◆ **Exercise details**
Your copy should hold only the lines from the one with "Lámpara de sobremesa" to the one with "Spring high-end black", both included, each exactly as it stands below, with no pictures.

(Data excerpts)

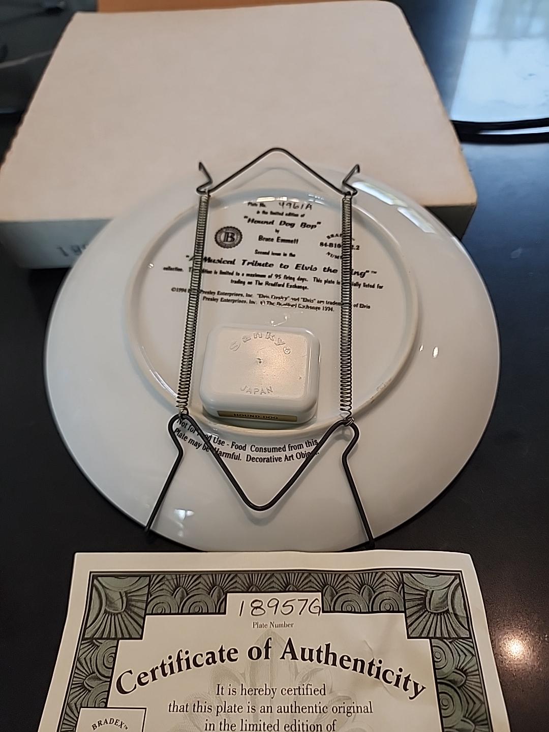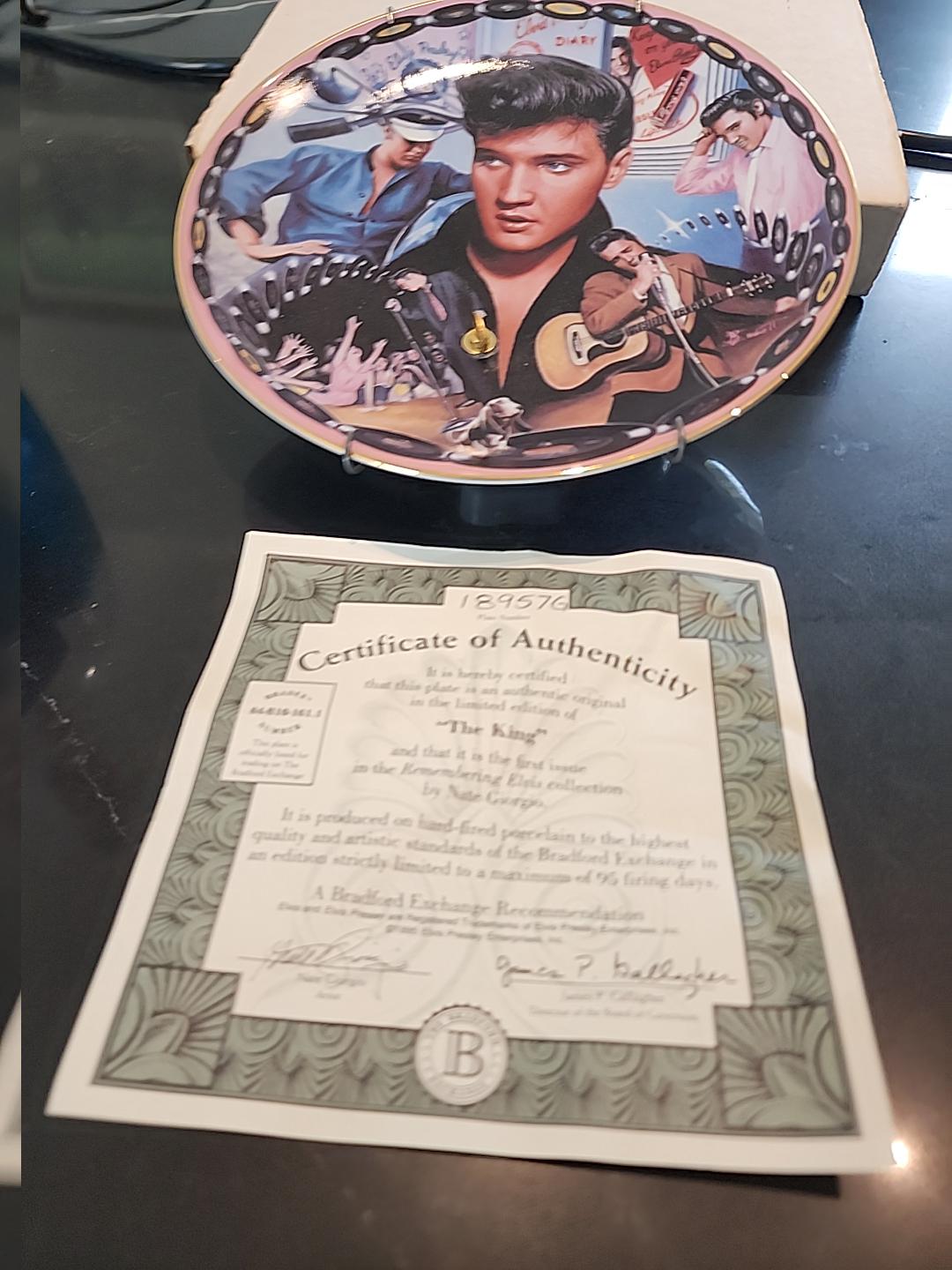 Own a piece of music and memorabilia history with this Bradford Exchange Elvis Presley “The King” music plate. This collectible plate not only celebrates the legendary Elvis but also plays music, combining artistry with melody. Complete with its original Certificate of Authenticity, it’s a must-have for collectors and fans alike.
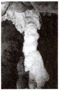 位于北京市房山区佛子庄乡的银狐洞与石花洞一样,同为岩溶洞穴。洞内沉积物种类繁多,形态丰富,尤以“银狐”最为著名。它位于银狐洞的最深处,是一个大型晶体,整体长约两米。它的上部连接洞壁,较为粗大,底部距离地面两米左右,相对细小,犹如一只银狐倒挂在洞顶。它的表层遍布约两寸长、丝绒状、洁白如雪的毛刺,就像白色的绒毛。
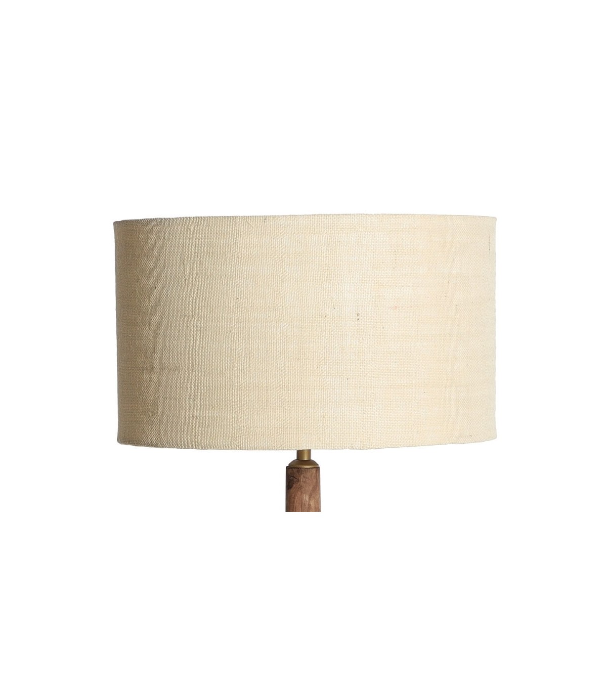 Lámpara de sobremesa grande, con el pie realizado en madera de mango acabado artesanalmente en color nogal, con la pantalla confeccionada en yute color natural, una lámpara de estilo colonial, ideal para muebles grandes. como aparadores o cómodas.
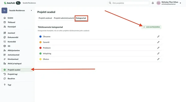 Kategooriate muutmiseks tuleb avada vasakult menüüst "Projekti seaded" ja vajutada vaheleht "Kategooriad" ja avanenud vaatest näed rohelist nuppu " + Uus kategooria".
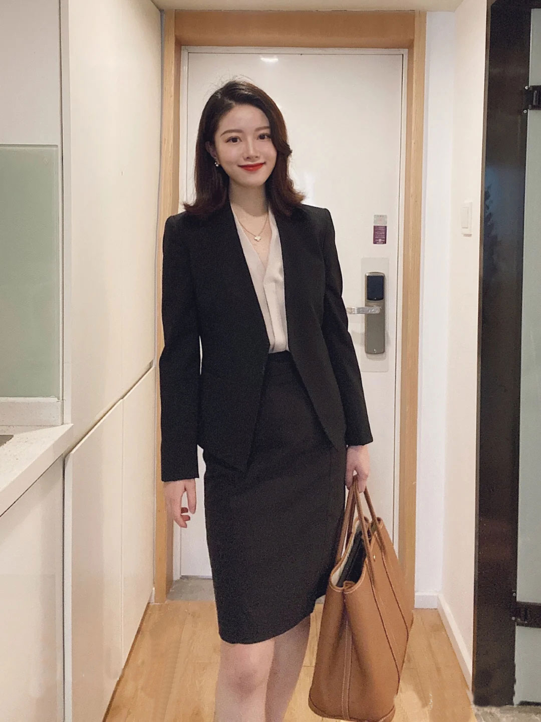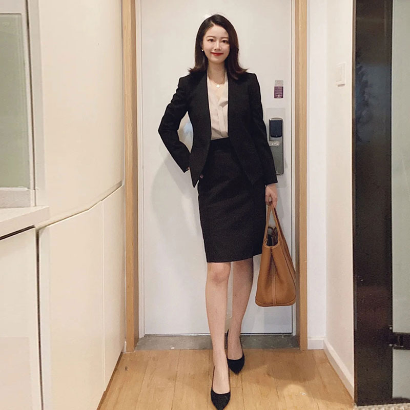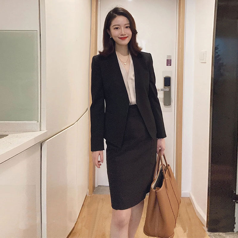 Spring high-end black women's professional suit set decoration body slim temperament suit skirt work clothes two-piece women's
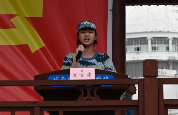 人文与艺术学院音表本2402班胡珮君代表新生发言。她分享了军训的成长与蜕变,表达了对教官和老师的感激之情,表示未来无论有多少挑战,无论有多少困难,我们都会坚韧不屈,永不放弃。
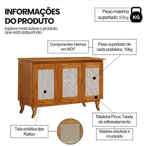 AS IMAGENS SÃO MERAMENTE ILUSTRATIVAS E PODEM SOFRER VARIAÇÕES DE COR E PEQUENOS DETALHES DE ACORDO COM O SEU MONITOR, ILUMINAÇÃO DO AMBIENTE E ATÉ MESMO A SUA PERCEPÇÃO VISUAL.Buffet Aparador com Telinha Palha Deltan Madeira 3p - Castanho
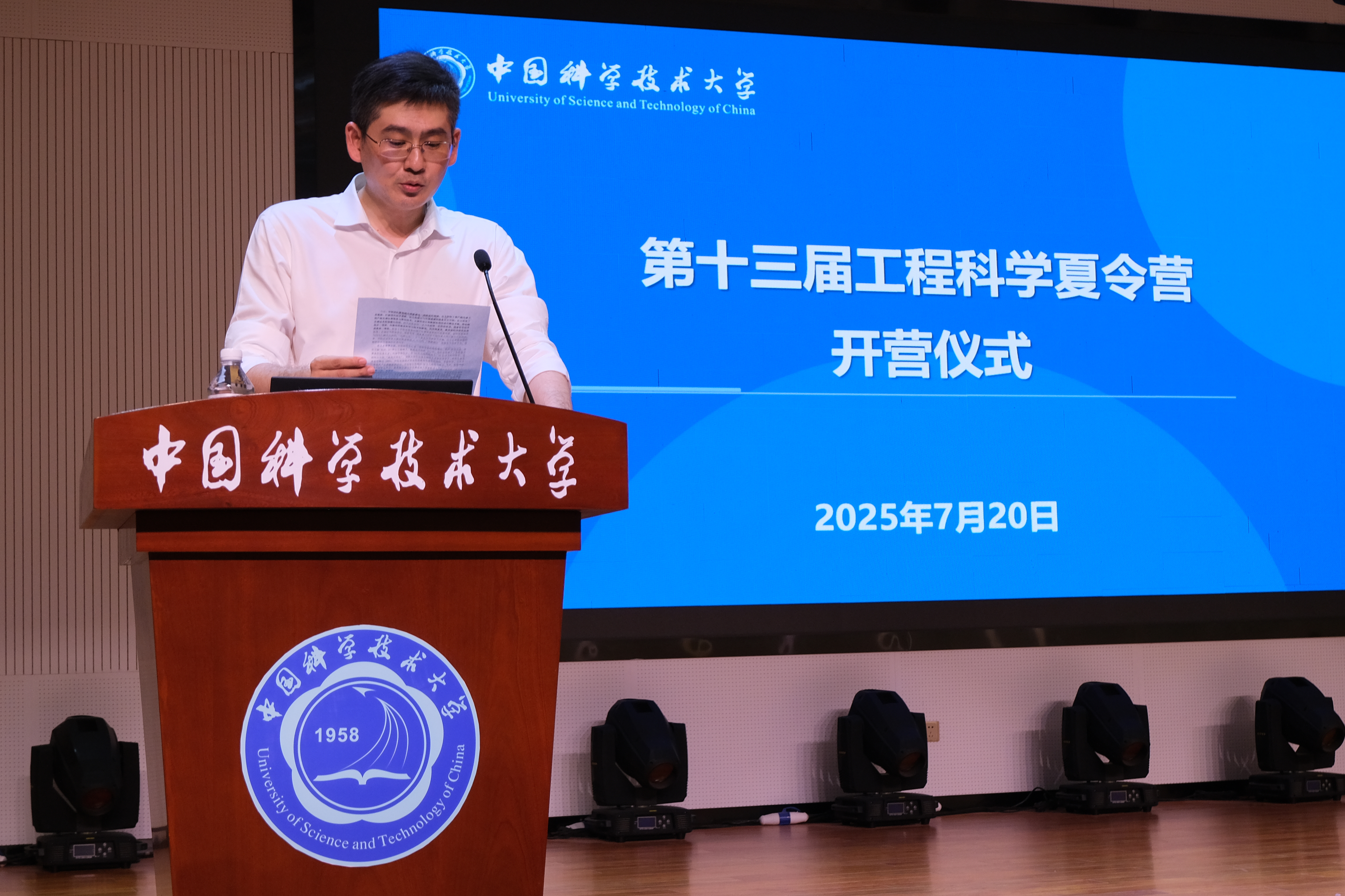 7月20日下午工程科学学院开营仪式上,副院长刘诚教授对营员们的到来表示热烈欢迎。他表示工程科学是连接理论与实践的桥梁,是贯穿基础研究与应用的纽带,从力学到航空航天,从精密机械机器人到天文光学,再到环境遥感,从生物工程到新兴交叉领域,学院的研究致力于国家重大需求,又面向世界科技前沿,希望学员们学有所获。
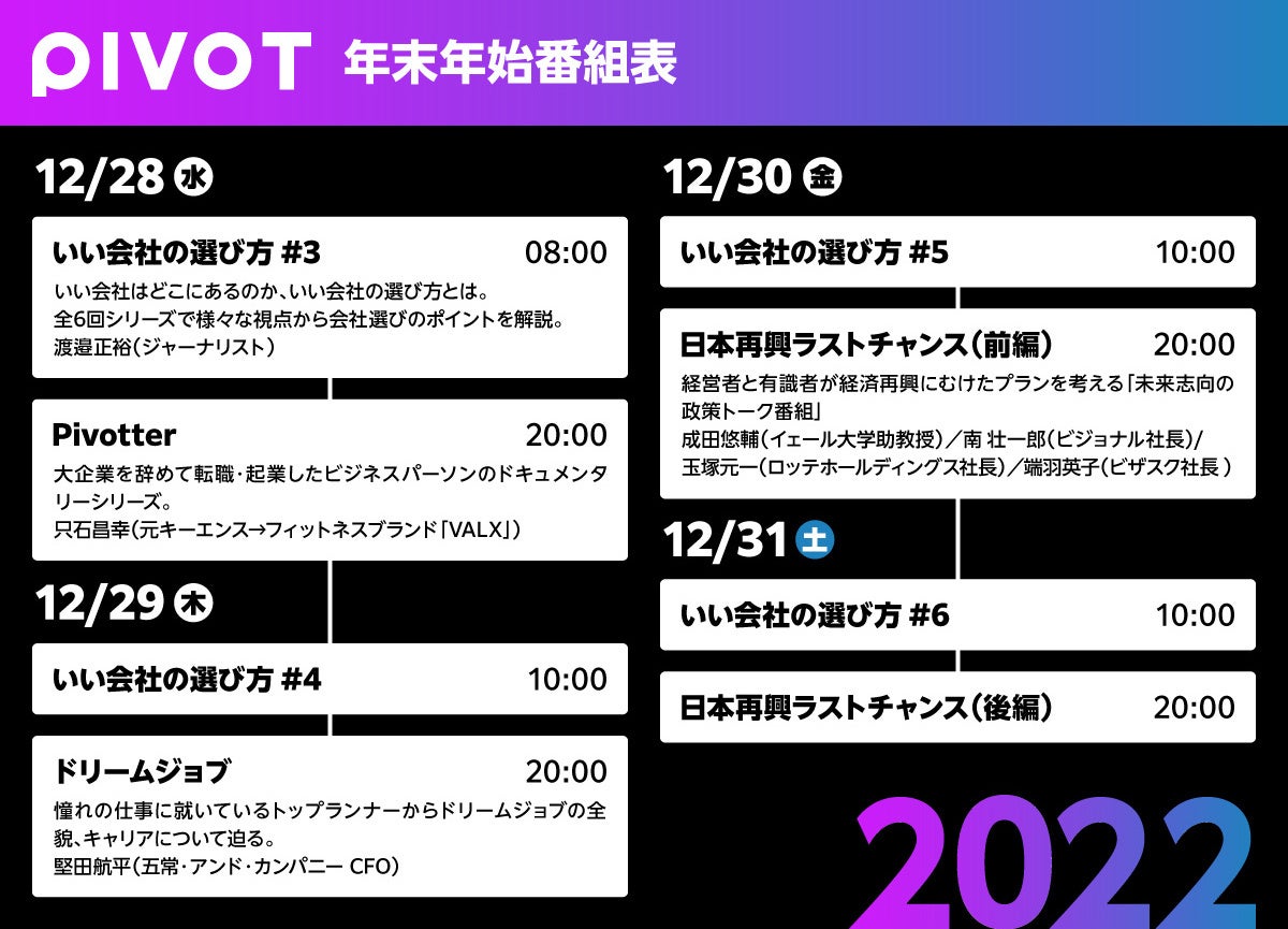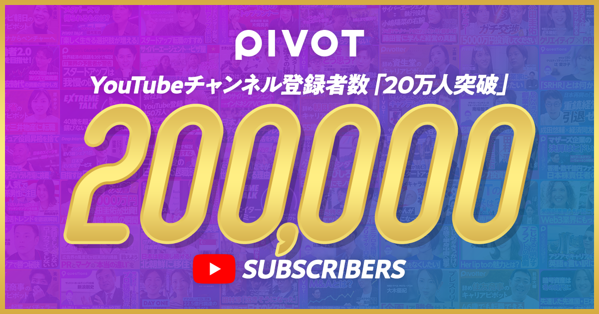 PIVOTは、映像番組を軸としたビジネス映像メディアです。新時代のマインドセットとスキルセットを高める映像・活字コンテンツを毎日無料で配信しています。令和を代表する起業家、ビジネスパーソン、クリエイターなどのコンテンツを深く早くお届けします。

◆ **Solution below**
 Lámpara de sobremesa grande, con el pie realizado en madera de mango acabado artesanalmente en color nogal, con la pantalla confeccionada en yute color natural, una lámpara de estilo colonial, ideal para muebles grandes. como aparadores o cómodas.
 Kategooriate muutmiseks tuleb avada vasakult menüüst "Projekti seaded" ja vajutada vaheleht "Kategooriad" ja avanenud vaatest näed rohelist nuppu " + Uus kategooria".
 Spring high-end black women's professional suit set decoration body slim temperament suit skirt work clothes two-piece women's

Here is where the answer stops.